DATA —
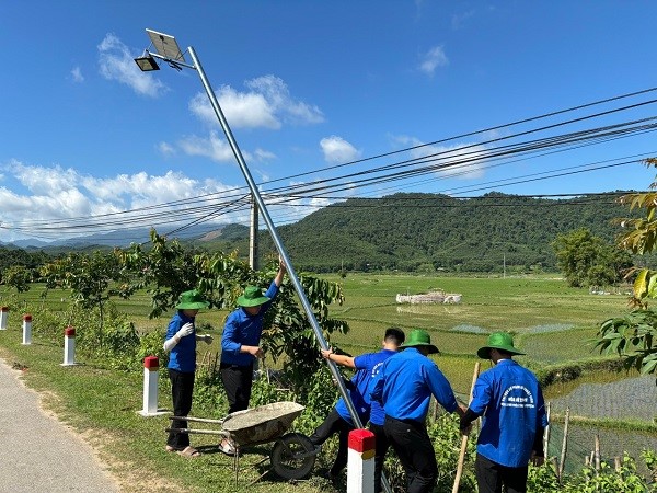 Lực lượng sinh viên tình nguyện thực hiện công trình Thắp sáng đường quê tại xã Châu Phong, huyện Quỳ Châu. Ảnh: Trường Đại học Sư phạm kỹ thuật Vinh
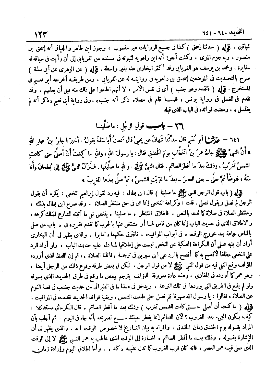[640] قَوْلُهُ حَدَّثَنَا إِسْحَاقُ كَذَا فِي جَمِيعِ الرِّوَايَات غير مَنْسُوب وَجوز بن طَاهِرٍ وَالْجَيَّانِيُّ أَنَّهُ إِسْحَاقُ بْنُ مَنْصُورٍ وَبِهِ جزم الْمزي وَكنت أجوز أَنه بن رَاهْوَيْهِ لِثُبُوتِهِ فِي مُسْنَدِهِ عَنِ الْفِرْيَابِيِّ إِلَى أَنْ رَأَيْتُ فِي سِيَاقِهِ لَهُ مُغَايِرَةً وَمُحَمَّدُ بْنُ يُوسُفَ هُوَ الْفِرْيَابِيُّ وَقَدْ أَكْثَرَ الْبُخَارِيُّ عَنْهُ بِغَيْرِ وَاسِطَةٍ قَوْلُهُ عَنِ الزُّهْرِيِّ عَنْ أَبِي سَلَمَةَ صَرَّحَ بِالتَّحْدِيثِ فِي الْمَوْضِعَيْنِ إِسْحَاقُ بْنُ رَاهْوَيْهِ فِي رِوَايَتِهِ لَهُ عَنِ الْفِرْيَابِيِّ وَمِنْ طَرِيقِهِ أَخْرَجَهُ أَبُو نُعَيْمٍ فِي الْمُسْتَخْرَجِ قَوْلُهُ فَتَقَدَّمَ وَهُوَ جُنُبٌ أَيْ فِي نَفْسِ الْأَمْرِ لَا أَنَّهُمُ اطَّلَعُوا عَلَى ذَلِكَ مِنْهُ قَبْلَ أَنْ يُعْلِمَهُمْ وَقَدْ تَقَدَّمَ فِي الْغُسْلِ فِي رِوَايَةِ يُونُسَ فَلَمَّا قَامَ فِي مُصَلَّاهُ ذَكَرَ أَنَّهُ جُنُبٌ وَفِي رِوَايَةِ أَبِي نُعَيْمٍ ذَكَرَ أَنَّهُ لَمْ يَغْتَسِلْ وَمَضَتْ فَوَائِدُهُ فِي الْبَاب الَّذِي قبله
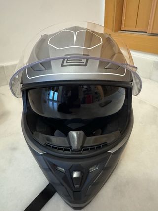 Casco integral para moto con un diseño moderno y detalles gráficos. - Acabado mate. - Visera transparente. - Diseño con líneas geométricas en gris y blanco. Talla M.
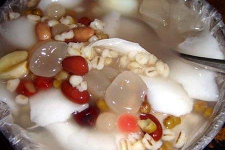 清补凉是一种夏天清热补湿的食品,且甘甜爽口,是夏季必备的饮品。在海南的冬天也可以吃到热的清补凉。原料少则十几种,多则二十几种,其中新鲜椰肉和菠萝是海南特色水果、葡萄干是北方特色食品,通心粉是西式食品,原料千变万化。最受欢迎的是椰子水清补凉和椰奶清补凉。椰子水的清甜伴着绿豆、西瓜、薏米的味道,又是别样滋味。在海南炎热的傍晚,喝上一碗冰爽的清补凉实在是最惬意的事情。
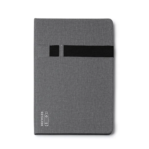 Современный серо-черный блокнот А5 Sikas с твердой обложкой из переработанного полиэтилена — материал RPET. Количество — 80 нелинованных листов.
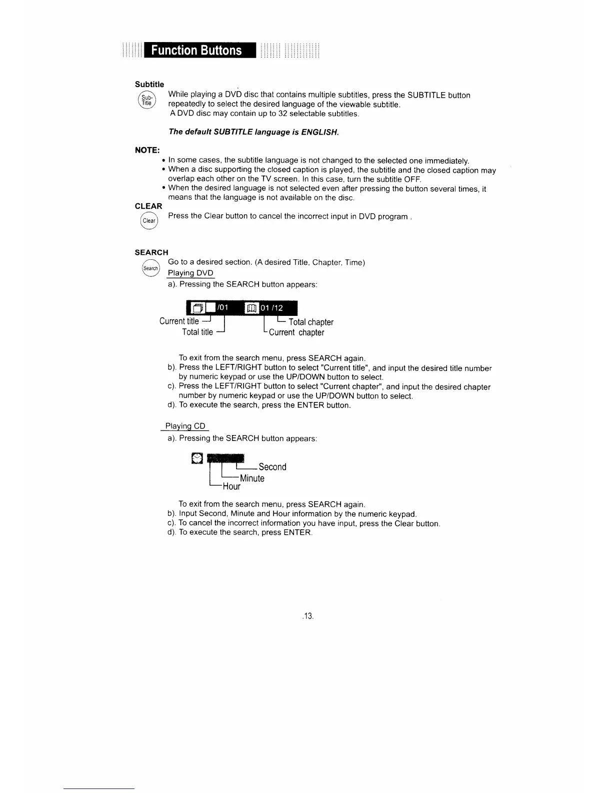 Coby TF-DVD5000 - Subtitle and Search Functions
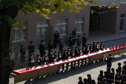 晴れわたる青空のもと、創立125周年記念式が11月6日、六本木の小学部校庭で行われました。式には中高部母の会の招待で、東洋英和に派遣された最後の宣教師ミス・ボールと、学院創設者であるミス・カートメルの御親戚(ミス・カートメルのお兄様のひ孫様)にあたるカーご夫妻をカナダからお迎えしました。
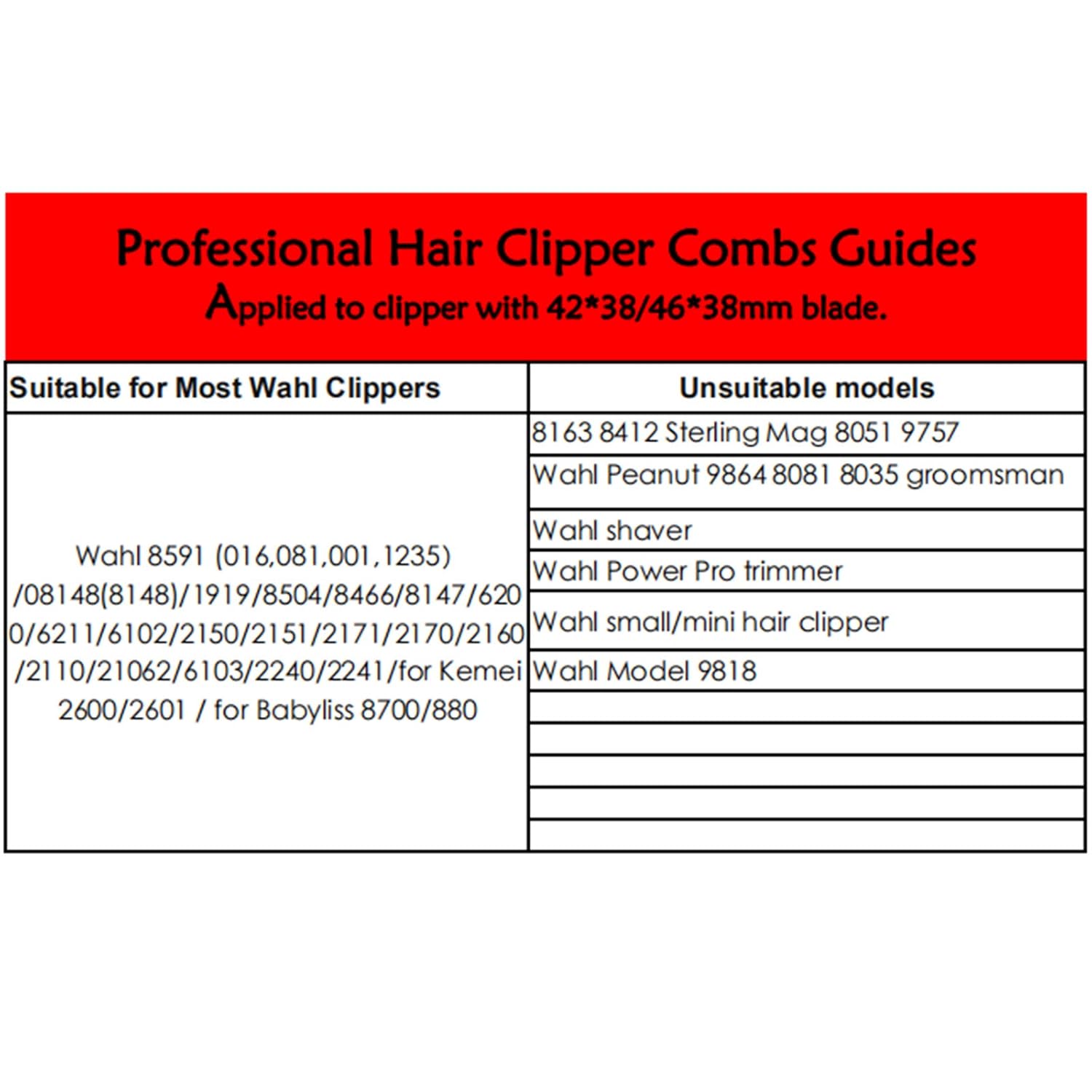- ★ ★★ WARM TIPS ★ ★★: Please check your HAIR CLIPPER'S SIZE/MODEL before purchased. Not fit for WAHL PEANUT, WAHL POWER PRO TRIMMER, WAHL PRO, WAHL KM2 and WAHL SMALL/MINI HAIR CLIPPER. Universal Clipper Limit Comb fits for Wahl 6102, 2150, 2151, 2171, 2170, 2160, 2110, 21062, 6130, 8591, 8148, 1919, 8504, 6200, 6211, 2240, 2241, 2111. And it also can be applied to clipper with 46*38mm blade.
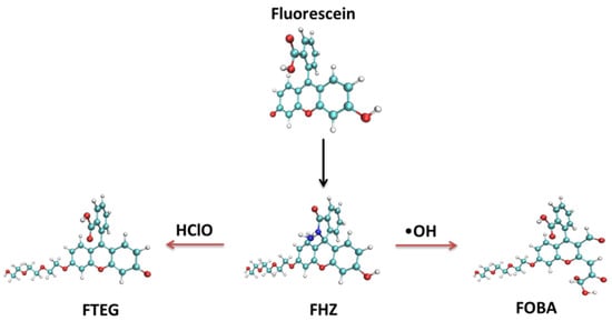 Large invasive effects and discrepant biological distributions of multiple probes hinder the effective simultaneous detections of several reactive oxygen species. A single fluorescent probe that can respond to several reactive oxygen species with distinguishable fluorescent signals would be very helpful for studying the correlation between reactive oxygen species and the life process. Such a single fluorescent probe, 6-triethyleneglycol substituted fluorescein hydrazide (FHZ), which could obtain the effective discrimination and profiling of hydroxyl radicals (•OH) and hypochlorous acid (HClO) in living organisms, was reported by Zhang et al. recently [47]. The two reaction sites of the probe FHZ corresponded to •OH and HClO simultaneously, resulting in cyan (486 nm) and green (520 nm) emissions, respectively. An additional five-membered heterocyclic ring and a lateral triethyleneglycol chain were chemically grafted to fluorescein to construct the probe FHZ which was non-fluorescent with dual reactive sites to •OH and HClO, respectively. The synthetic process of the probe FHZ and its reaction with •OH and HClO are illustrated simply in Figure 1. ChemDraw figures of the four molecular structures are given in the supporting information (Figure S1). The successful application of the probe FHZ in different living organisms shows the versatility of this fluorescent probe and its potential as a powerful tool in investigations of reactive oxygen species in living systems.
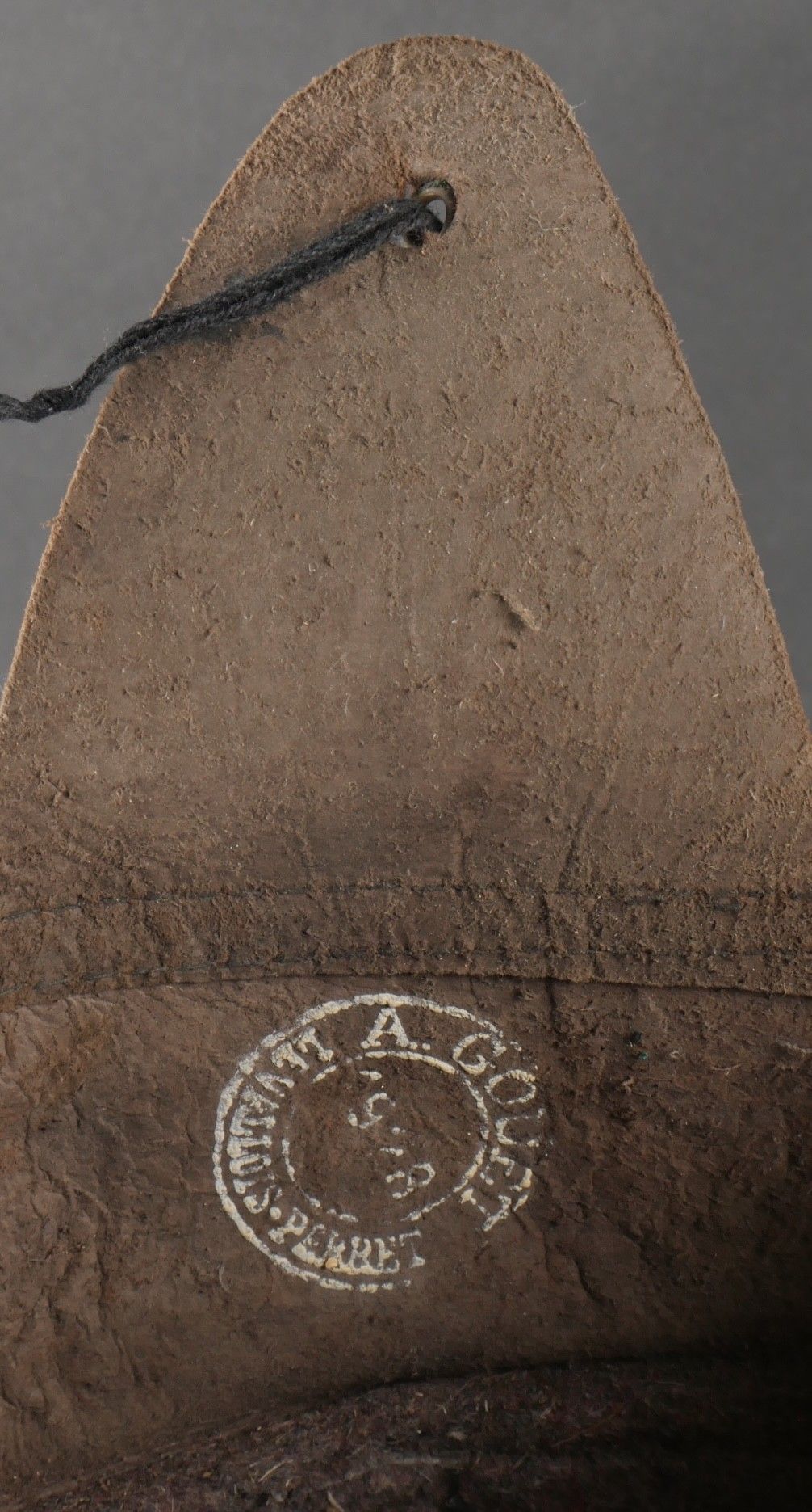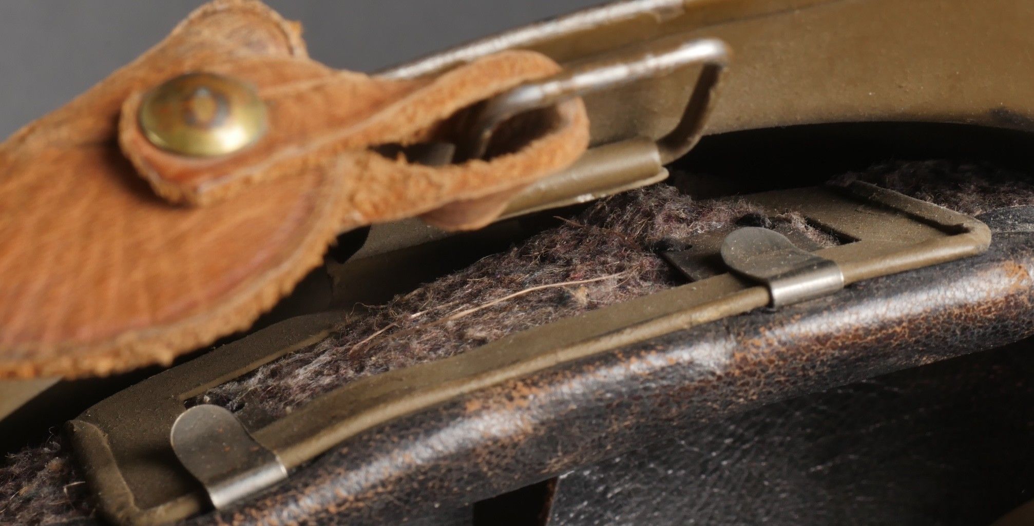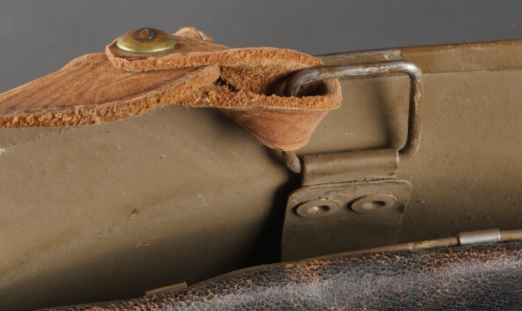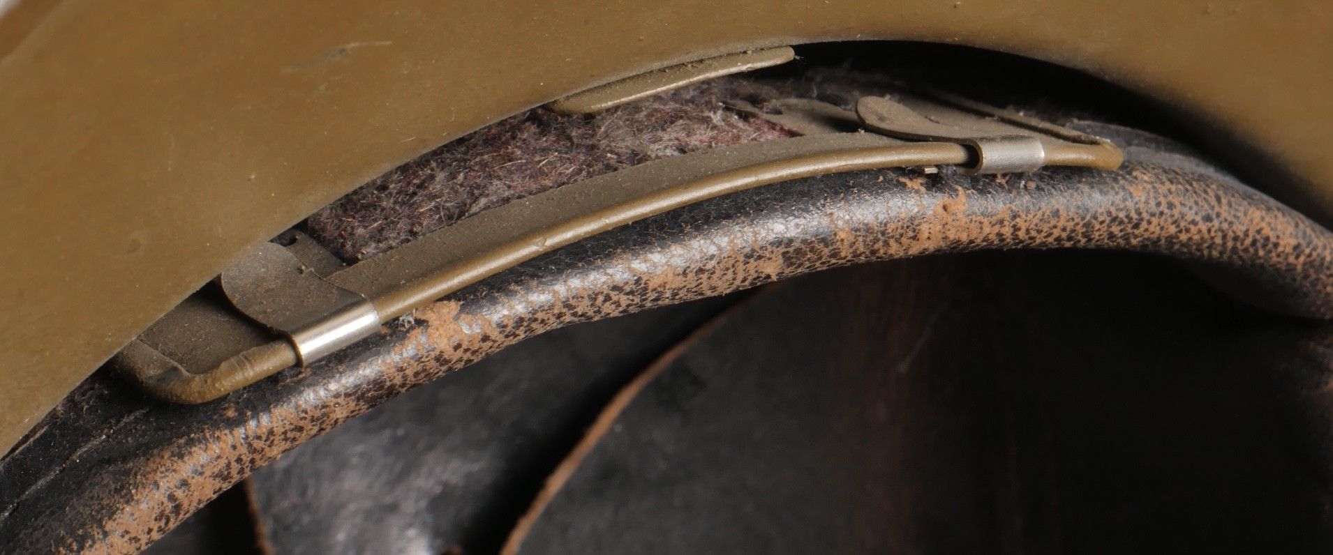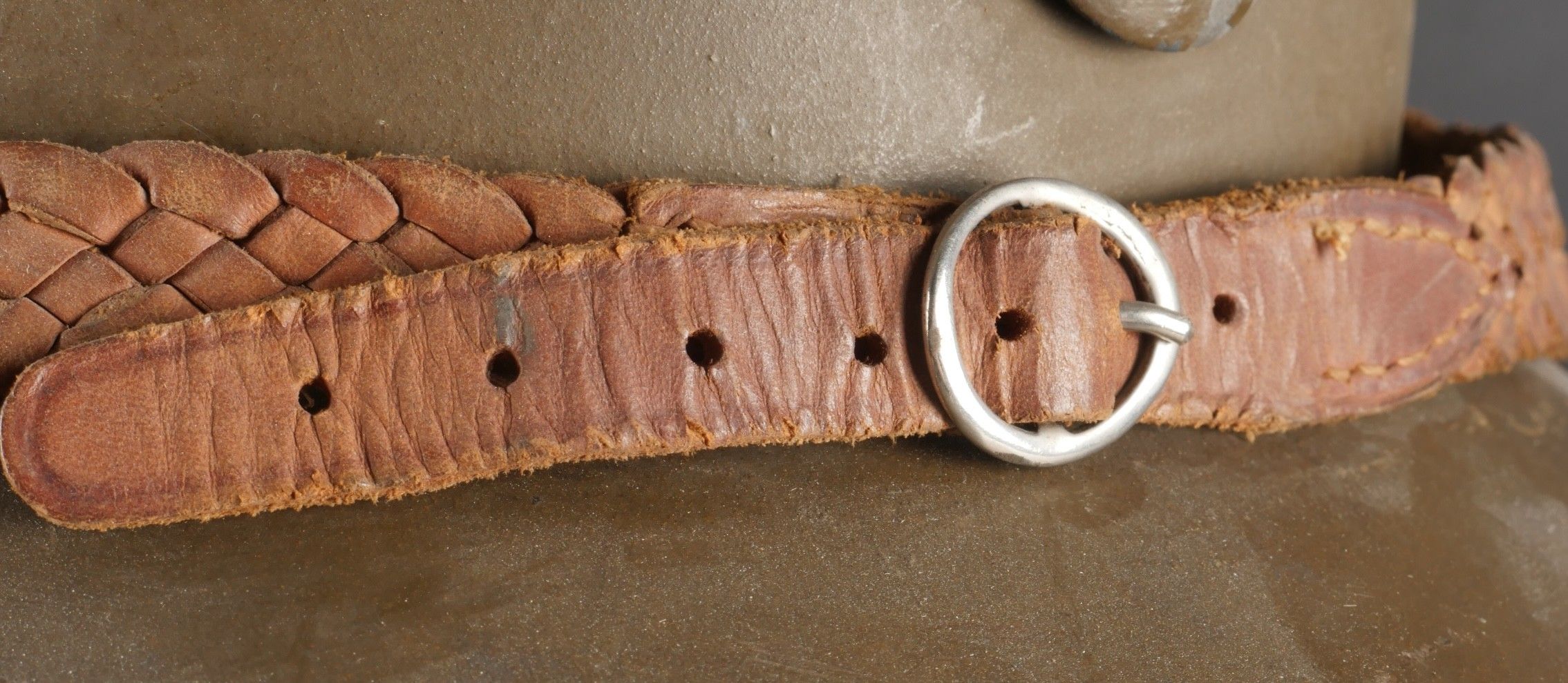 Adrian 1926 infantry officer helmet. Model 1926, 95% khaki paint, model 1915 infantry crest in aluminium with 85% paint. Officer-style leather chinstrap, leather cap with six wolf teeth held by eight clasps, one eyelet damaged. Made by Japy in size B, the officer inscribed his name in the Augustin nape of the neck. Adrian helmet 1926 infantry officer. Model 1926 with 95% of its khaki paint fitted with the 1915 infantry emblem. Aluminum comb retaining 85% of its original paint. Officer type leather chinstrap and sixtongue leather liner held by eight clips with one damaged eyelet. Manufactured by Japy, size B. The officer's name Augustin is inscribed inside the neck guard.

EXERCISE DETAILS — Without the images, output all the entries exactly as they stand.

TASK OUTPUT —
 Lực lượng sinh viên tình nguyện thực hiện công trình Thắp sáng đường quê tại xã Châu Phong, huyện Quỳ Châu. Ảnh: Trường Đại học Sư phạm kỹ thuật Vinh
[640] قَوْلُهُ حَدَّثَنَا إِسْحَاقُ كَذَا فِي جَمِيعِ الرِّوَايَات غير مَنْسُوب وَجوز بن طَاهِرٍ وَالْجَيَّانِيُّ أَنَّهُ إِسْحَاقُ بْنُ مَنْصُورٍ وَبِهِ جزم الْمزي وَكنت أجوز أَنه بن رَاهْوَيْهِ لِثُبُوتِهِ فِي مُسْنَدِهِ عَنِ الْفِرْيَابِيِّ إِلَى أَنْ رَأَيْتُ فِي سِيَاقِهِ لَهُ مُغَايِرَةً وَمُحَمَّدُ بْنُ يُوسُفَ هُوَ الْفِرْيَابِيُّ وَقَدْ أَكْثَرَ الْبُخَارِيُّ عَنْهُ بِغَيْرِ وَاسِطَةٍ قَوْلُهُ عَنِ الزُّهْرِيِّ عَنْ أَبِي سَلَمَةَ صَرَّحَ بِالتَّحْدِيثِ فِي الْمَوْضِعَيْنِ إِسْحَاقُ بْنُ رَاهْوَيْهِ فِي رِوَايَتِهِ لَهُ عَنِ الْفِرْيَابِيِّ وَمِنْ طَرِيقِهِ أَخْرَجَهُ أَبُو نُعَيْمٍ فِي الْمُسْتَخْرَجِ قَوْلُهُ فَتَقَدَّمَ وَهُوَ جُنُبٌ أَيْ فِي نَفْسِ الْأَمْرِ لَا أَنَّهُمُ اطَّلَعُوا عَلَى ذَلِكَ مِنْهُ قَبْلَ أَنْ يُعْلِمَهُمْ وَقَدْ تَقَدَّمَ فِي الْغُسْلِ فِي رِوَايَةِ يُونُسَ فَلَمَّا قَامَ فِي مُصَلَّاهُ ذَكَرَ أَنَّهُ جُنُبٌ وَفِي رِوَايَةِ أَبِي نُعَيْمٍ ذَكَرَ أَنَّهُ لَمْ يَغْتَسِلْ وَمَضَتْ فَوَائِدُهُ فِي الْبَاب الَّذِي قبله
 Casco integral para moto con un diseño moderno y detalles gráficos. - Acabado mate. - Visera transparente. - Diseño con líneas geométricas en gris y blanco. Talla M.
 清补凉是一种夏天清热补湿的食品,且甘甜爽口,是夏季必备的饮品。在海南的冬天也可以吃到热的清补凉。原料少则十几种,多则二十几种,其中新鲜椰肉和菠萝是海南特色水果、葡萄干是北方特色食品,通心粉是西式食品,原料千变万化。最受欢迎的是椰子水清补凉和椰奶清补凉。椰子水的清甜伴着绿豆、西瓜、薏米的味道,又是别样滋味。在海南炎热的傍晚,喝上一碗冰爽的清补凉实在是最惬意的事情。
 Современный серо-черный блокнот А5 Sikas с твердой обложкой из переработанного полиэтилена — материал RPET. Количество — 80 нелинованных листов.
 Coby TF-DVD5000 - Subtitle and Search Functions
 晴れわたる青空のもと、創立125周年記念式が11月6日、六本木の小学部校庭で行われました。式には中高部母の会の招待で、東洋英和に派遣された最後の宣教師ミス・ボールと、学院創設者であるミス・カートメルの御親戚(ミス・カートメルのお兄様のひ孫様)にあたるカーご夫妻をカナダからお迎えしました。
- ★ ★★ WARM TIPS ★ ★★: Please check your HAIR CLIPPER'S SIZE/MODEL before purchased. Not fit for WAHL PEANUT, WAHL POWER PRO TRIMMER, WAHL PRO, WAHL KM2 and WAHL SMALL/MINI HAIR CLIPPER. Universal Clipper Limit Comb fits for Wahl 6102, 2150, 2151, 2171, 2170, 2160, 2110, 21062, 6130, 8591, 8148, 1919, 8504, 6200, 6211, 2240, 2241, 2111. And it also can be applied to clipper with 46*38mm blade.
 Large invasive effects and discrepant biological distributions of multiple probes hinder the effective simultaneous detections of several reactive oxygen species. A single fluorescent probe that can respond to several reactive oxygen species with distinguishable fluorescent signals would be very helpful for studying the correlation between reactive oxygen species and the life process. Such a single fluorescent probe, 6-triethyleneglycol substituted fluorescein hydrazide (FHZ), which could obtain the effective discrimination and profiling of hydroxyl radicals (•OH) and hypochlorous acid (HClO) in living organisms, was reported by Zhang et al. recently [47]. The two reaction sites of the probe FHZ corresponded to •OH and HClO simultaneously, resulting in cyan (486 nm) and green (520 nm) emissions, respectively. An additional five-membered heterocyclic ring and a lateral triethyleneglycol chain were chemically grafted to fluorescein to construct the probe FHZ which was non-fluorescent with dual reactive sites to •OH and HClO, respectively. The synthetic process of the probe FHZ and its reaction with •OH and HClO are illustrated simply in Figure 1. ChemDraw figures of the four molecular structures are given in the supporting information (Figure S1). The successful application of the probe FHZ in different living organisms shows the versatility of this fluorescent probe and its potential as a powerful tool in investigations of reactive oxygen species in living systems.
 Adrian 1926 infantry officer helmet. Model 1926, 95% khaki paint, model 1915 infantry crest in aluminium with 85% paint. Officer-style leather chinstrap, leather cap with six wolf teeth held by eight clasps, one eyelet damaged. Made by Japy in size B, the officer inscribed his name in the Augustin nape of the neck. Adrian helmet 1926 infantry officer. Model 1926 with 95% of its khaki paint fitted with the 1915 infantry emblem. Aluminum comb retaining 85% of its original paint. Officer type leather chinstrap and sixtongue leather liner held by eight clips with one damaged eyelet. Manufactured by Japy, size B. The officer's name Augustin is inscribed inside the neck guard.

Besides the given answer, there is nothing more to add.